We are all familiar with Moore’s Law: the idea that computers double in processing capability every two years (and to be fair, the original formulation of Moore’s Law was about transistor count, but this is a reasonable approximation). As a result of Moore’s Law, the Oura fitness and health ring that I wear has more processing power than one of the original Cray supercomputers, costing over $30 million dollars in today’s dollars!
That is the result of doubling every two years.
However, the underlying models behind AI are improving at a rate of 750x every two years. https://medium.com/riselab/ai-and-memory-wall-2cb4265cb0b8
750x. 🤯
It’s truly outstanding.
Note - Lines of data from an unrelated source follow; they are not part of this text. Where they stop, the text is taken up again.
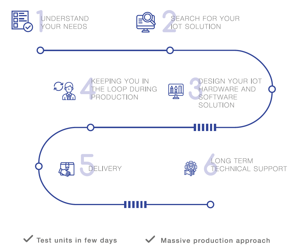 We guide the client developing new devices, redesigning existing products or transforming client’s products into an IoT solution.
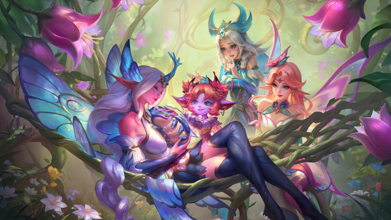 A vibrant 4K wallpaper showcasing four fantastical faerie characters from League of Legends – Soraka, Tristana, Lux, and Lillia – nestled amidst a luminous, vine-laden enchanted forest. The scene is bathed in a soft, ethereal glow, emphasizing their delicate iridescent wings and the lush, vibrant flora that defines this enchanting realm.
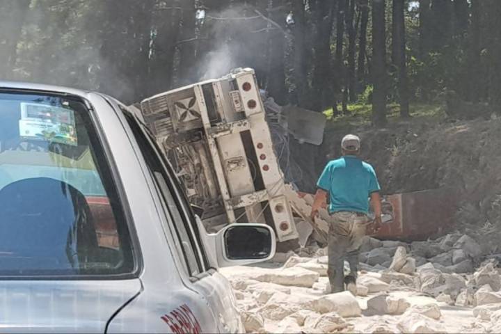 El accidente fue durante la tarde de este jueves. El automotor en cuestión quedó recostado sobre su lado derecho. Trasladaba varias toneladas de piedra para construcción.
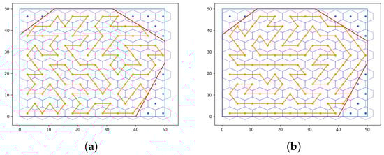 Path planning results. (a) Result of GA with the sum of angles 114.14; (b) result of DF-GA with the sum of angles 92.15, whose sum of turn angles is smaller than the GA result, with more straight paths.
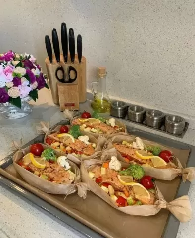 Разложите рыбу и овощи по пергаменту, формируя конверты. Добавьте помидоры черри, брокколи, цветную капусту и дольки лимона. Отправьте всё в разогретую до 180 °C духовку на 45 минут.
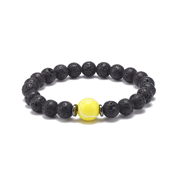 PandaHall Natural Lava Rock & Synthetic Hematite & Acrylic Beaded Stretch Bracelet, Essential Oil Gemstone Jewelry for Men Women, Basketball... Price: $13.9 | PandaHall
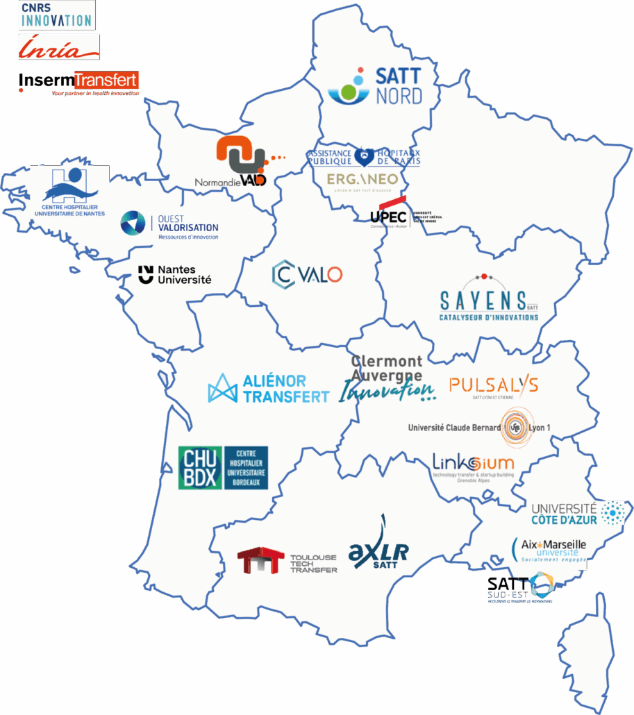 COMS@N fédère 24 membres dont des universités, CHU, organismes de recherche et leurs OTT (organismes de transfert de technologie), des SATT (et SATE) et acteurs clés de l’écosystème d’innovation en santé numérique.

Of course, technical readers may debate the exact math behind the 750x calculation, but it doesn’t change what’s going on.
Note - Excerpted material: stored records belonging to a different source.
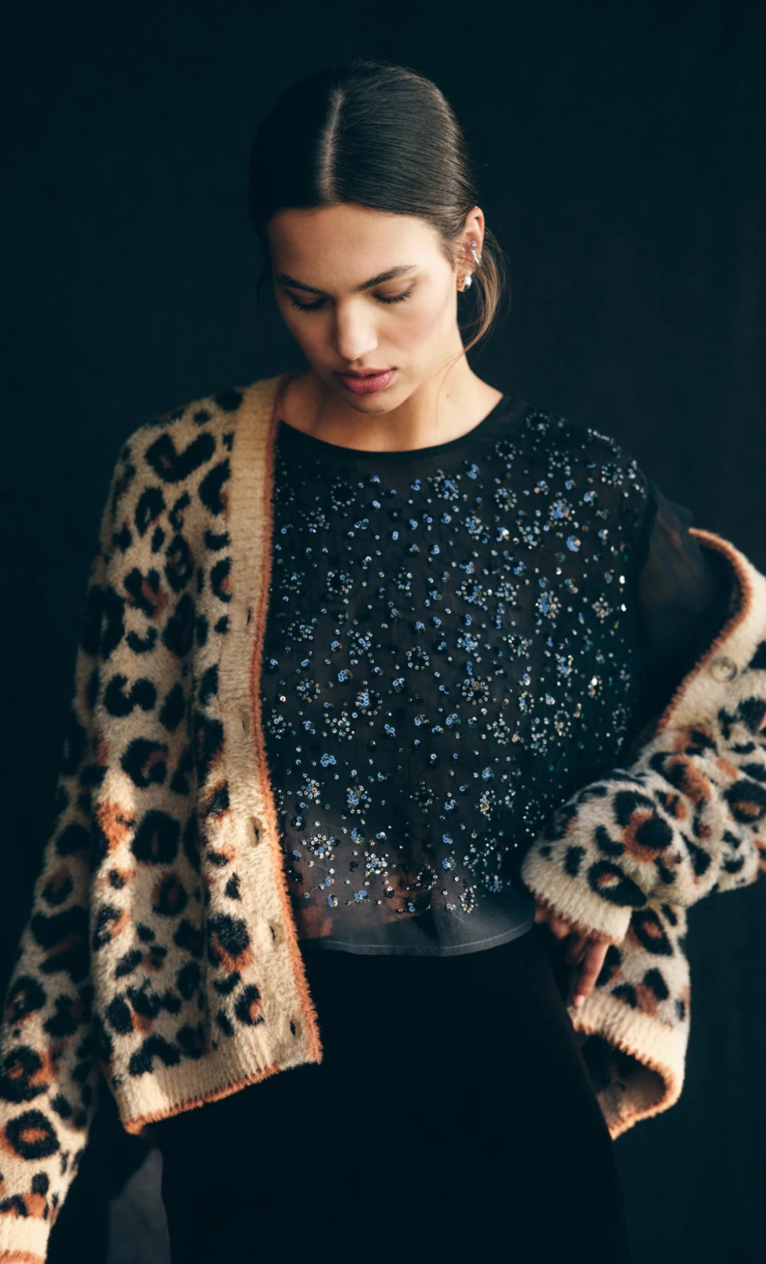 Featuring sequins and beaded embellishments on the front and back with decorative side ties, this top offers a festive yet sophisticated touch. Crafted from sheer viscose with a detachable camisole underneath and a single keyhole closure at the back, it’s perfect for holiday gatherings or dressy occasions.
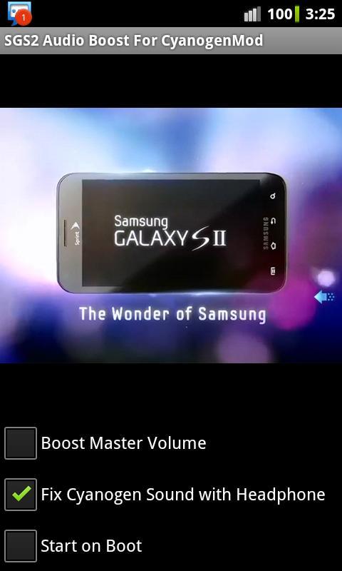 (only available in DONATE Version 'SGS2 Audio Boost For Cyanogen' )
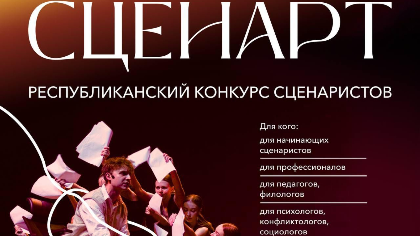 «СценАрт» — проект, где участники получают навыки сценарного мастерства от ведущих экспертов в сфере театрального искусства, а затем пишут свой собственный сценарий, отражающий социально значимую тематику.

Just look at the pace of progress with ChatGPT–at first, it could just write back text. That alone was stunning.
Then, this summer, it could automatically do mathematical analysis and execute code. Now, it can recognize and manipulate images.
All of this in less than a year! If you haven’t seen some of the new ChatGPT vision features, this post is well worth the read: https://openai.com/blog/chatgpt-can-now-see-hear-and-speak
At some point, we’ll see a slowdown, but at least in the short run, I expect the pace of progress to continue. Fundamentally, AI quality is driven by “more data and more compute.” Thanks to the investments being made in AI ($13 billion from Microsoft!), AI is getting both more computing and more data!
But one could have looked at an investment chart for Bitcoin and blockchain technologies in recent years and seen something similar. For example, the energy consumption of Bitcoin skyrocketed in 2021 and 2022. Just like AI, there was a ton of investment in Bitcoin technologies a few years ago.
However, the crucial difference is the impact on day-to-day life and work. I still program professionally for my day job. My productivity has gone through the roof with AI tools–I simply can’t imagine writing software without AI now; it would be too painful!
Similarly, I’m now making social media videos: https://www.tiktok.com/@boostedcoder. I use a series of AI tools (e.g., auto-captions) to make the process quick and painless. Again–without AI, I would not have the time to do all of this.
I am sure each of you has a story of how you might have used ChatGPT yourself or know of friends who have. It’s been pervasive--everything from helping kids with their homework to salespeople selling to programmers writing code.
That’s just with the tools we have now. Nearly every software company I know is working through how to incorporate AI into their products. While not every one of these attempts will be a knockout success, what happens in 2024 when every piece of software you are using becomes dramatically more capable thanks to AI?
Bottom line: AI is underhyped. Buckle up!